Por el camino hicimos varias paradas interesantes pero no programadas: Primero fue un mercadillo en mitad del campo en el que se vendía de todo, desde productos agrícolas al por mayor hasta pastillas contra la malaria a granel. La siguiente me dejó muy impresionado, especialmente el hecho de que Tim lo considerara una “atracción turística”. En mitad de un paisaje deprimente por lo agostado y mustio de las plantaciones de hortalizas, sombreadas por unos  plataneros moribundos por la sequía, nos detuvimos frente a una cabaña tradicional miserable, con el techo de paja, sin ventanas, solo con un agujero de menos de un metro de alto en la pared, por el que se accedía al interior. En la puerta estaba una mujer joven pero demacrada, que cargaba a un niño con la tripa hinchada. Por señas (no hablaba indonesio) nos invitó a entrar. Dentro no había nada. Ni un mueble, ni una prenda de ropa, ni siquiera una cama y un fogón. En una esquina había una estera enrollada, que me imagino se usaba para dormir, y en el centro los restos de una hoguera aun humeantes, directamente sobre el suelo. El humo se filtraba como podía por entre la paja del techo, no había chimenea. No se veían alimentos almacenados, como es habitual en cualquier vivienda de agricultores. La miseria más absoluta. Me quedé sin capacidad de reacción, ni siquiera cuando Tim le dio unas monedas, imagino que pocas, como “pago” por la visita.

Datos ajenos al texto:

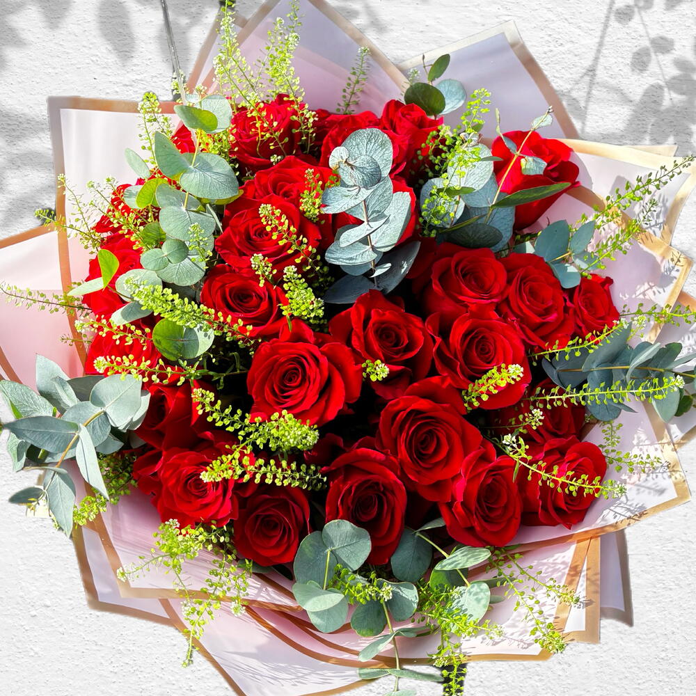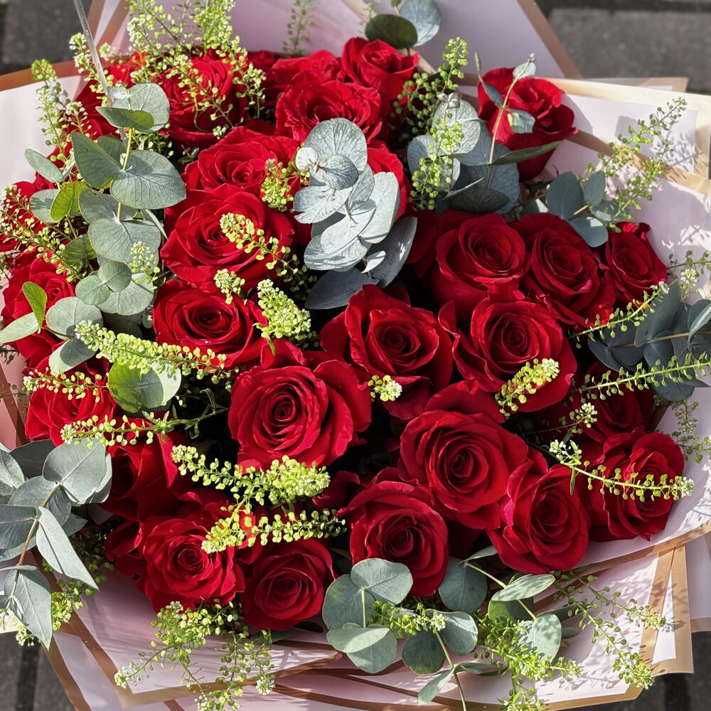 Green bell - 5 шт. eucalyptus leaves - 10 шт. премиальная красная роза - 51 шт.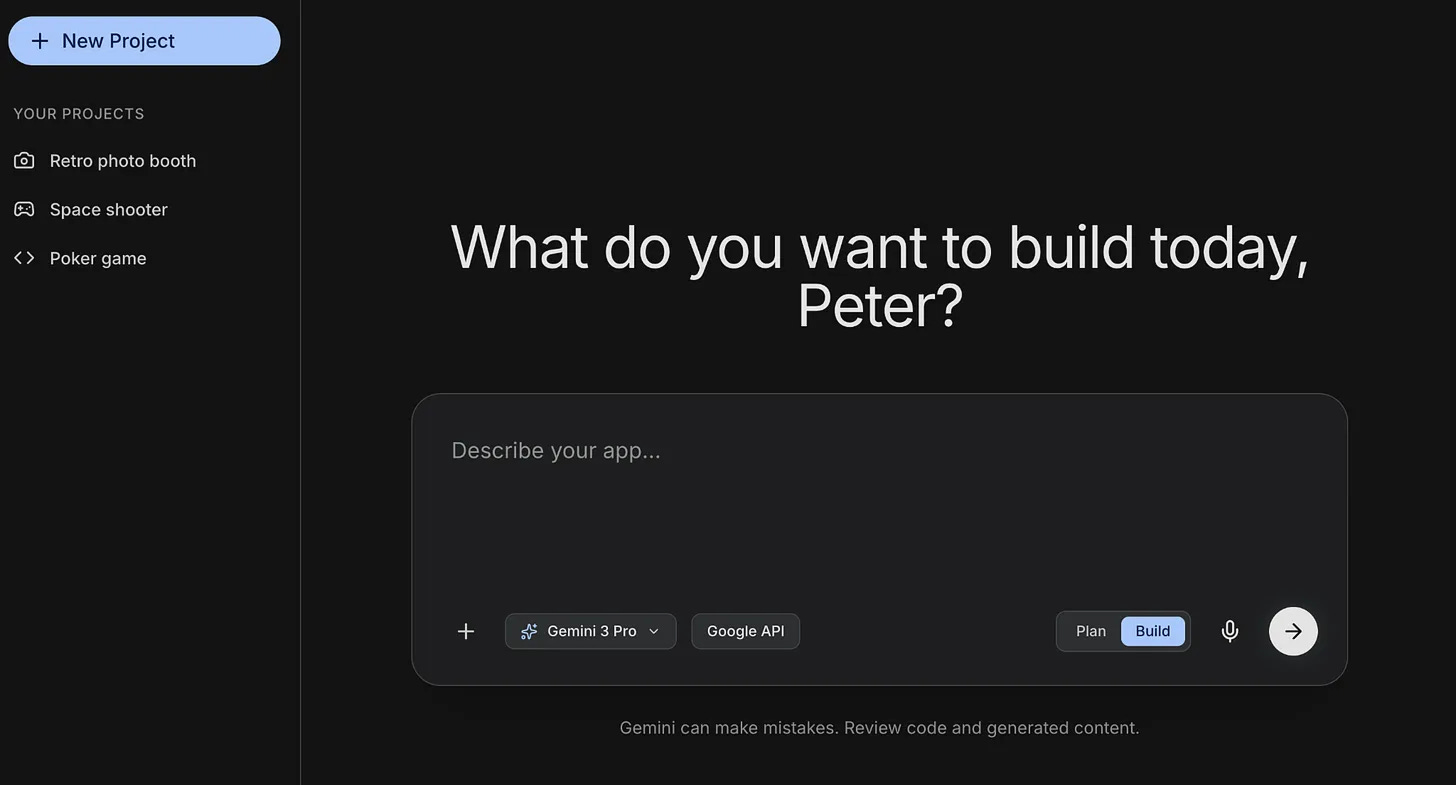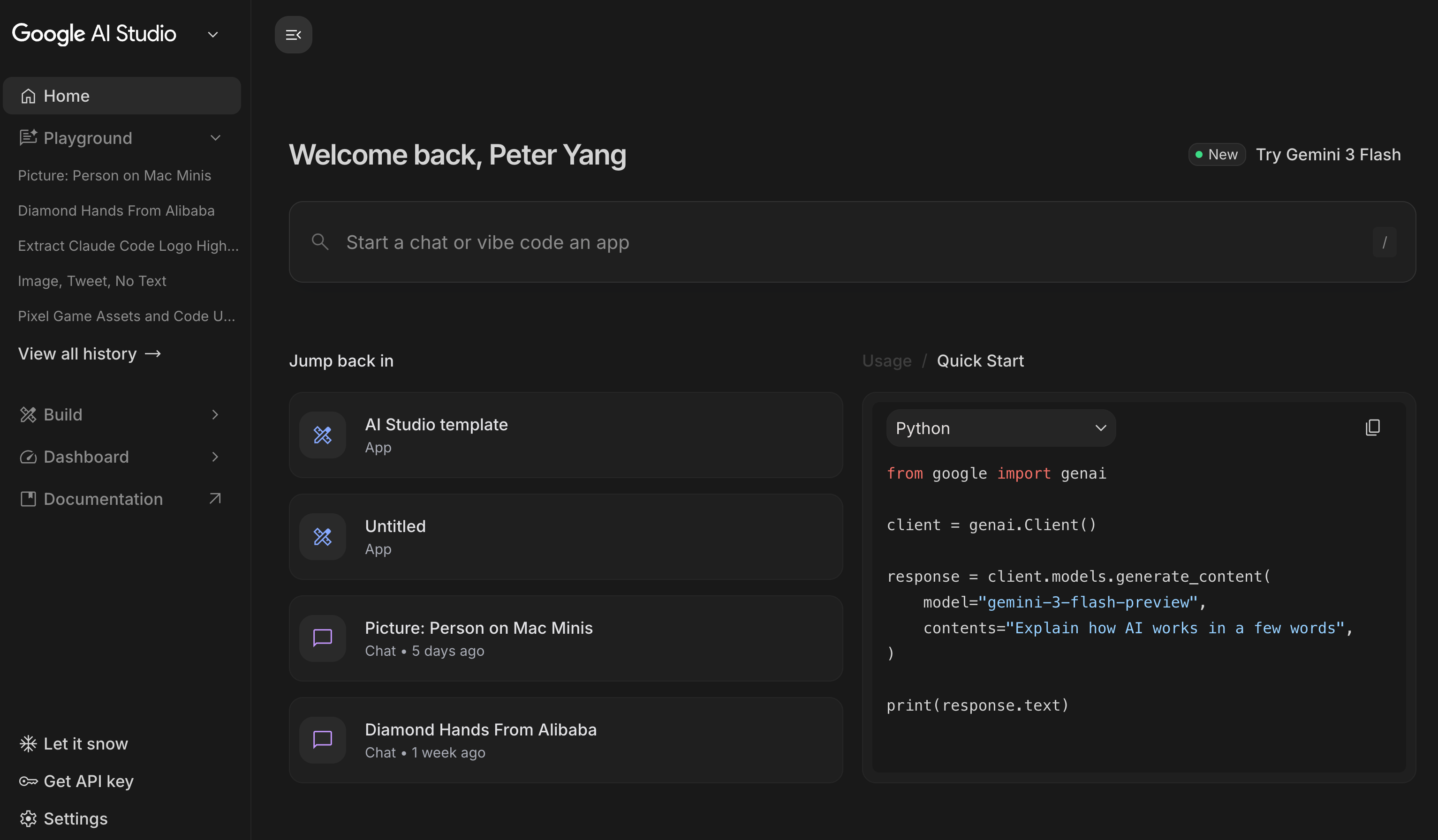 Let’s start by taking some screenshots of Google AI Studio’s Home and Build screens and asking AI: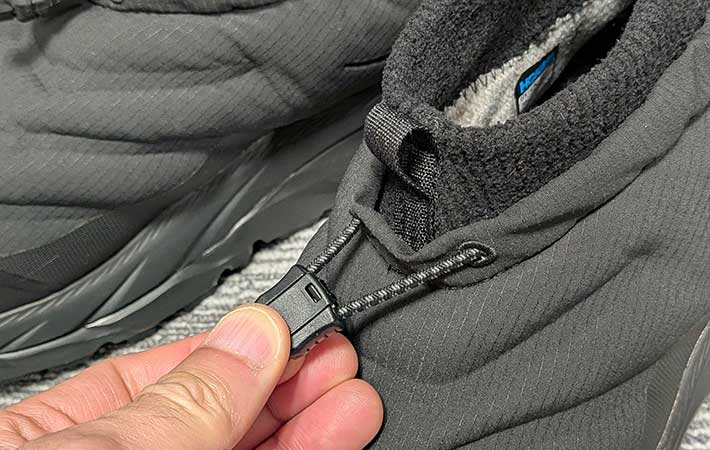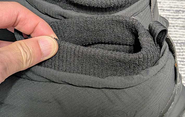 ほかにも、履き口には足首からのすき間風を防ぐストレッチフリースを使用。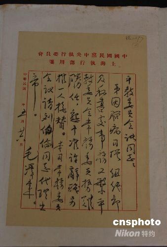 這是中國國民黨黨史館館藏的一九二四年毛澤東致平教委員會諸同志的一封親筆信。中新社發 耿軍 攝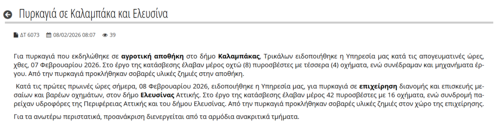 Τα ακριβή αίτια της πυρκαγιάς δεν έχουν ακόμη διευκρινιστεί. Μετά την πλήρη κατάσβεση, αναμένεται να πραγματοποιηθεί αυτοψία από το ανακριτικό τμήμα της Πυροσβεστικής, προκειμένου να διαπιστωθεί πώς ξεκίνησε η φωτιά.

Después de otra parada en una playa idílica, solitaria y bordeada de palmeras de copra, que alivió un poco el impacto de la choza, llegamos a comer a Soe. Mi sorpresa vino cuando, en lugar de buscar una casa de comidas, entramos con el coche en una parcela ajardinada, en cuyo centro se levantaba una preciosa casa colonial de madera, con veranda y miradores. Me explicaron que era la casa del “Rajah Desa”, el Rajá de la aldea. Dado que Indonesia es una república, teóricamente los rajás no tienen más que un poder simbólico o ceremonial, pero en la práctica las cosas no son así. Mucho más ricos que sus vecinos, y dueños de las mejores tierras, controlan todos los resortes del poder, con un papel muy parecido al de los caciques gallegos. Ante la ausencia del Rajá, saludamos a su esposa la Raní, que nos invitó a comer. Me daba bastante corte aceptar la invitación de esta señora desconocida, por lo que la que rechacé cortésmente un par de veces, hasta que Tim me indicó que, como visitante  europeo, sería un desaire no aceptarla, rindiendo así tributo al poder del rajá.
Acepté por tanto la invitación, y tuve la ocasión de volver a disfrutar de la “comida Padang”. Es un estilo de cocina, muy peculiar, originario de la ciudad de Padang, en la costa occidental de Sumatra. Consiste en una gran variedad de platitos con verduras, pollo, pescado y otros alimentos difíciles de identificar. Se sirve un gran cuenco de arroz blanco en el centro de la mesa, y cada comensal se va sirviendo a su gusto de los diferentes platitos, sobre una base de arroz. Por cierto, los platitos son a cual más picante, o sea que el resultado es una mezcla de cultura china (por los muchos platillos) y tamil (por el grado de picante de la comida). Este estilo de comida se ha popularizado por toda Indonesia, de forma que los restaurantes especializados “Makan Padang” se pueden encontrar en la mayoría de las ciudades de todas las islas, y muchas veces son la única alternativa.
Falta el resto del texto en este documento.